● **SUPPLIED RECORDS**:
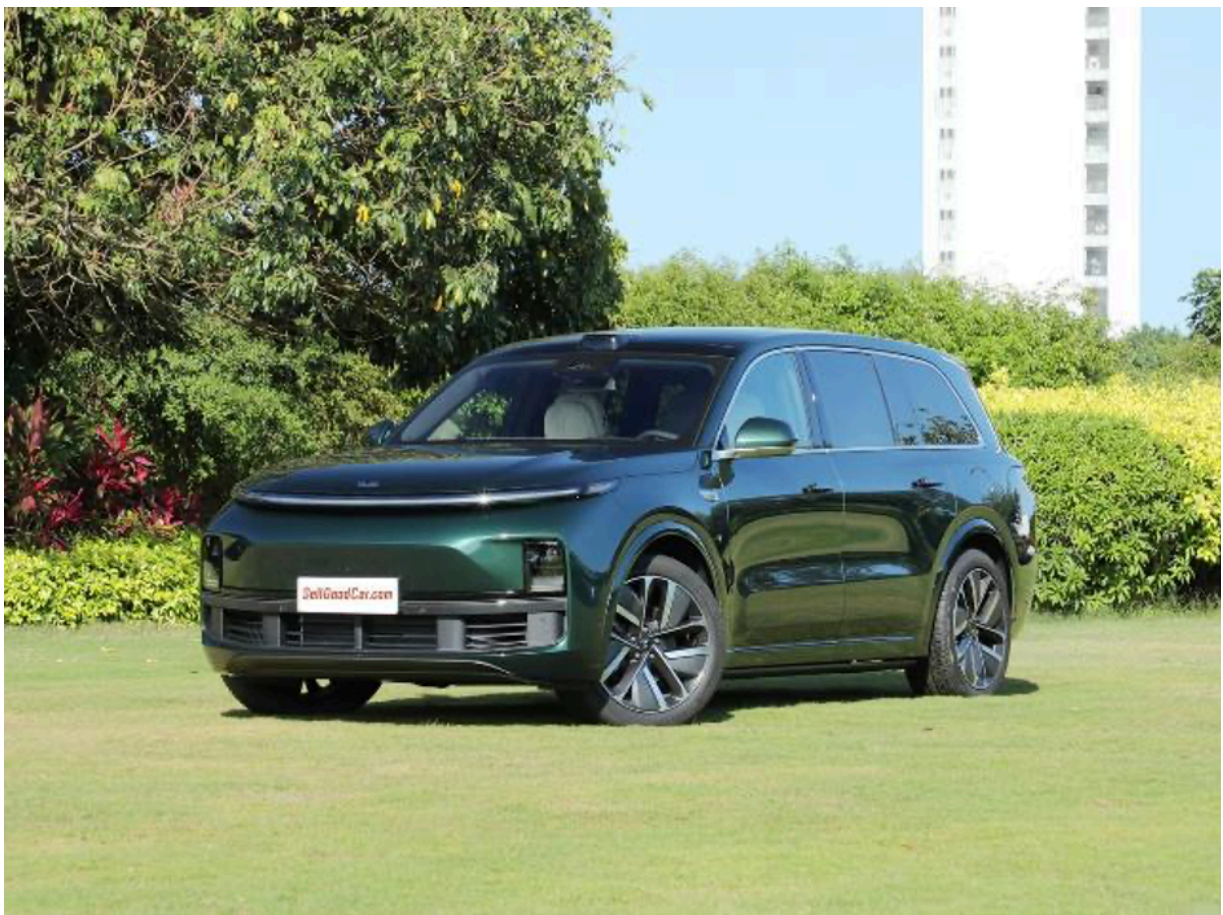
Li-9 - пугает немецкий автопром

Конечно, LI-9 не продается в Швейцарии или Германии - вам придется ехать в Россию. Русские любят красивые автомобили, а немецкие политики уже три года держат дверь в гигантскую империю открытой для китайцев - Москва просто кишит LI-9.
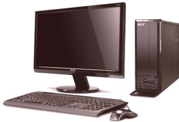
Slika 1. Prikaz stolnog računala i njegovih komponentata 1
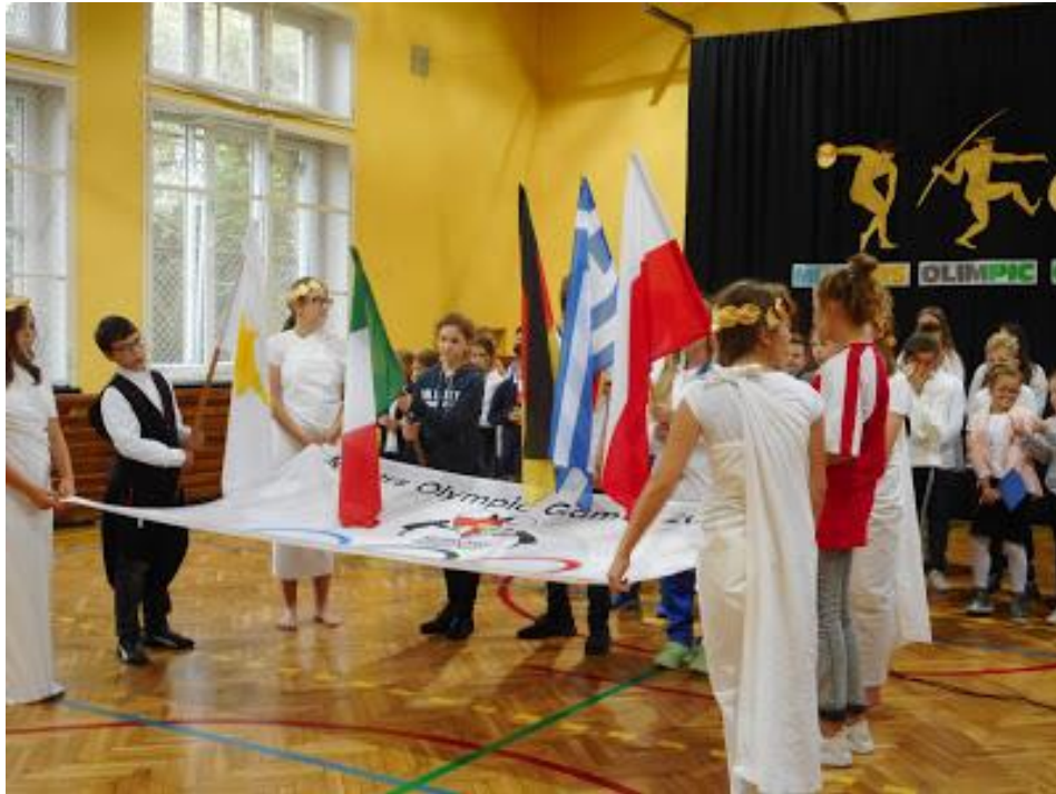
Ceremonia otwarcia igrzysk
...
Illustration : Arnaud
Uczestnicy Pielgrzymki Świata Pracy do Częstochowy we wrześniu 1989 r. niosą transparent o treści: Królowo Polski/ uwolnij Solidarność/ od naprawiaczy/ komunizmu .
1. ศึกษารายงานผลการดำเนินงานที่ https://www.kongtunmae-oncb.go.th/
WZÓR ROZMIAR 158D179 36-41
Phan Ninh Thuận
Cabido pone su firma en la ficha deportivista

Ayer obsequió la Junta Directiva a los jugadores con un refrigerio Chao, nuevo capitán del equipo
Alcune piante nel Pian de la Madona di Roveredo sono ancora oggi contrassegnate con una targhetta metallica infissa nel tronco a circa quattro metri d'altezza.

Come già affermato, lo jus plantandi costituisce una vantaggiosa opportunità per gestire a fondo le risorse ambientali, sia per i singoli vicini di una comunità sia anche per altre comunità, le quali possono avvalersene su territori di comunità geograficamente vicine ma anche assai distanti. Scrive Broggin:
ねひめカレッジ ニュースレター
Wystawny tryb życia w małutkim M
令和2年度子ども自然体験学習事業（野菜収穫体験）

● **PROMPT**:
Using the entries above, write out exactly the lines from the one with "Li-9 - пугает немецкий автопром" through the one with "Ceremonia otwarcia igrzysk", ends included. Leave out any pictures.

● **ANSWER**:
Li-9 - пугает немецкий автопром

Конечно, LI-9 не продается в Швейцарии или Германии - вам придется ехать в Россию. Русские любят красивые автомобили, а немецкие политики уже три года держат дверь в гигантскую империю открытой для китайцев - Москва просто кишит LI-9.
Slika 1. Prikaz stolnog računala i njegovih komponentata 1
Ceremonia otwarcia igrzysk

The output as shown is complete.